■ Dataset extract:
══════════

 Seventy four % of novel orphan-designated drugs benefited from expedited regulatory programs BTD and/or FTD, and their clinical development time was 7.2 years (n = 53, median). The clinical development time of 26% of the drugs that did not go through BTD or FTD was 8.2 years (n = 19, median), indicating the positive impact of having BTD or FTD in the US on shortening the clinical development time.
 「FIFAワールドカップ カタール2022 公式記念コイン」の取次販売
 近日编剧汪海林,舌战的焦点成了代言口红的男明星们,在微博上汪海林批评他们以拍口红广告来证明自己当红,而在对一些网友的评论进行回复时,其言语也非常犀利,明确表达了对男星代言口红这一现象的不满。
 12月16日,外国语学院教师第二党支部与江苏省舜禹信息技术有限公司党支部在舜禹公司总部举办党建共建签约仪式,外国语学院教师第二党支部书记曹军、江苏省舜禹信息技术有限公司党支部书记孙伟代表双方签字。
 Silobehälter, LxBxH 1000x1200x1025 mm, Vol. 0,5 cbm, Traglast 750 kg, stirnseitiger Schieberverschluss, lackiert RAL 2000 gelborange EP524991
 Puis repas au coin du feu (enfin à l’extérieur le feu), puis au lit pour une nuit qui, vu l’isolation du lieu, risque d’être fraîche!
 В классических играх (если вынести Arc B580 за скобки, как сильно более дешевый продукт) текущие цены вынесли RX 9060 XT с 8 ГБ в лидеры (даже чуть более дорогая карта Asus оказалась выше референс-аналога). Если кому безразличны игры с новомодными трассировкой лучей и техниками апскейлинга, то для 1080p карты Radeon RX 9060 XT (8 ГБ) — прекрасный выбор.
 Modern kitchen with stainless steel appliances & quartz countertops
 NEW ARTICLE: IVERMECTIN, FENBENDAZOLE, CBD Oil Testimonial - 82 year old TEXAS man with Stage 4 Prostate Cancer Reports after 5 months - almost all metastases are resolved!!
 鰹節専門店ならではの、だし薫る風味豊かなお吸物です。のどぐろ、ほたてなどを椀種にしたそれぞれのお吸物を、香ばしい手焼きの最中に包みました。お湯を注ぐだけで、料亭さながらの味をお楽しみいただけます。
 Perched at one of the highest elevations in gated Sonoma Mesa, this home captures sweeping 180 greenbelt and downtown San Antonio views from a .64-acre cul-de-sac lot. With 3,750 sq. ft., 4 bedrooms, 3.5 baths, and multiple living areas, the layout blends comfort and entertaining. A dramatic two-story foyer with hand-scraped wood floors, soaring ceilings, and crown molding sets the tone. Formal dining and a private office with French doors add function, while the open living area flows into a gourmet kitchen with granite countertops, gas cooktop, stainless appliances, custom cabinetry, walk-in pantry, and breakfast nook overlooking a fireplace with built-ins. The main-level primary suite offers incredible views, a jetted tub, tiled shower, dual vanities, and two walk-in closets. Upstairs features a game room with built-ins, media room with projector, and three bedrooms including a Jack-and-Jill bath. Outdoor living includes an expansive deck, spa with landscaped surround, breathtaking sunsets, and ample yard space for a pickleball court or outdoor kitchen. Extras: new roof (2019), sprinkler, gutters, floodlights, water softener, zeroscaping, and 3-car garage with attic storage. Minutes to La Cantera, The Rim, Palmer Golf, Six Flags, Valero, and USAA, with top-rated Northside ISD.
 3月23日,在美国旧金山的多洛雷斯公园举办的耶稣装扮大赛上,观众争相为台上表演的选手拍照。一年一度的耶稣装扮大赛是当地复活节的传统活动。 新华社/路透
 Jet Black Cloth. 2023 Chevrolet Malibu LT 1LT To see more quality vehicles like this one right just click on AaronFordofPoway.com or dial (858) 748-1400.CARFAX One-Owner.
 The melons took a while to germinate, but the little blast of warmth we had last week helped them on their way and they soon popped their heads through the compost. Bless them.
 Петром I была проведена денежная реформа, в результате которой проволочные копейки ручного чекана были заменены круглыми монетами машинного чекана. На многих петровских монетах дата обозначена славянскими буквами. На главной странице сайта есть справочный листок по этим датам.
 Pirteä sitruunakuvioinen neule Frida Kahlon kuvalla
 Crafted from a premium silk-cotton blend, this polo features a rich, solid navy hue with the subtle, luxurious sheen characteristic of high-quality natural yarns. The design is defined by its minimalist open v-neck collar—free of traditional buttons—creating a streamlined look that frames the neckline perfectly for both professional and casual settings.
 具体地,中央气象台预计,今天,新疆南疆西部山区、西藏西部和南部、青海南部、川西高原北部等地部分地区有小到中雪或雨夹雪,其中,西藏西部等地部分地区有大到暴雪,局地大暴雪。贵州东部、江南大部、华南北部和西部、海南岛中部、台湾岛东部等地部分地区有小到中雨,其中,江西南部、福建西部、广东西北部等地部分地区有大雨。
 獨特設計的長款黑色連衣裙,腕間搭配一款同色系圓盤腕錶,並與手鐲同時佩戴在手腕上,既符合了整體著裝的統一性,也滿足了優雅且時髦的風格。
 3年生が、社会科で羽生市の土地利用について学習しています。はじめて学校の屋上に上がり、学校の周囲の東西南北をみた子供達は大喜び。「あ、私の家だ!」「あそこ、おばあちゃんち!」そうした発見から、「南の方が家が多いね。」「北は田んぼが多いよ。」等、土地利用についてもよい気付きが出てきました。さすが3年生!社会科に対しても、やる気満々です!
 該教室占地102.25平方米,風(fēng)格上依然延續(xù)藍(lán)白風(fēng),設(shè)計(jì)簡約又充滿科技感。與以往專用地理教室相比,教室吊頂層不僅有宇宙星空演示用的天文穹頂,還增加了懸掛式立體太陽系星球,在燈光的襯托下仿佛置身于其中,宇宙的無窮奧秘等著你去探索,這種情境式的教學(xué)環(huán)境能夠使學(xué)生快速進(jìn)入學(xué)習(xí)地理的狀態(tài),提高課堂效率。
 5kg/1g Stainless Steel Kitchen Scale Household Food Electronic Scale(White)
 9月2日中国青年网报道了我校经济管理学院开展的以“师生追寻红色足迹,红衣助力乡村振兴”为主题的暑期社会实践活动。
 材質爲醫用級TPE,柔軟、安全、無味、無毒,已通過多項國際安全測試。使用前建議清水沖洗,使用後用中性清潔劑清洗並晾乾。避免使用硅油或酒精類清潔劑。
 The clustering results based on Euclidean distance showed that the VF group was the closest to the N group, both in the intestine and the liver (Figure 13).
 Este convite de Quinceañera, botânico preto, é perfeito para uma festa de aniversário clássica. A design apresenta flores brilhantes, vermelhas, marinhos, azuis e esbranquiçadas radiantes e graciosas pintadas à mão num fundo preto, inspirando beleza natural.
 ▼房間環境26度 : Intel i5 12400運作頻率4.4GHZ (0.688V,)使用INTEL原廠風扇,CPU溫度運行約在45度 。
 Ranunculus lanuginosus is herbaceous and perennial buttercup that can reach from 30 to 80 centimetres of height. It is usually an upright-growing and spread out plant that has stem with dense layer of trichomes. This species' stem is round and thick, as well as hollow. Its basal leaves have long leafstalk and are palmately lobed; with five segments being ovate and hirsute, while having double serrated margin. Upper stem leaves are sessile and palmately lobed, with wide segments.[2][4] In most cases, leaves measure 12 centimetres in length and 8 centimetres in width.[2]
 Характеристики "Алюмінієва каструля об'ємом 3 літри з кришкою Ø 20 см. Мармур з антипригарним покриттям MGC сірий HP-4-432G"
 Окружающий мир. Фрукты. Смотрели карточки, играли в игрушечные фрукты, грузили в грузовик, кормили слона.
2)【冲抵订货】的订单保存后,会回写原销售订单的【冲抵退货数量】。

══════════

■ What you are asked to do: Lines to set down from above: the line with "近日编剧汪海林,舌战的焦点成", the line with "Puis repas au", and every line between, each exactly as written.

■ Task output:
 近日编剧汪海林,舌战的焦点成了代言口红的男明星们,在微博上汪海林批评他们以拍口红广告来证明自己当红,而在对一些网友的评论进行回复时,其言语也非常犀利,明确表达了对男星代言口红这一现象的不满。
 12月16日,外国语学院教师第二党支部与江苏省舜禹信息技术有限公司党支部在舜禹公司总部举办党建共建签约仪式,外国语学院教师第二党支部书记曹军、江苏省舜禹信息技术有限公司党支部书记孙伟代表双方签字。
 Silobehälter, LxBxH 1000x1200x1025 mm, Vol. 0,5 cbm, Traglast 750 kg, stirnseitiger Schieberverschluss, lackiert RAL 2000 gelborange EP524991
 Puis repas au coin du feu (enfin à l’extérieur le feu), puis au lit pour une nuit qui, vu l’isolation du lieu, risque d’être fraîche!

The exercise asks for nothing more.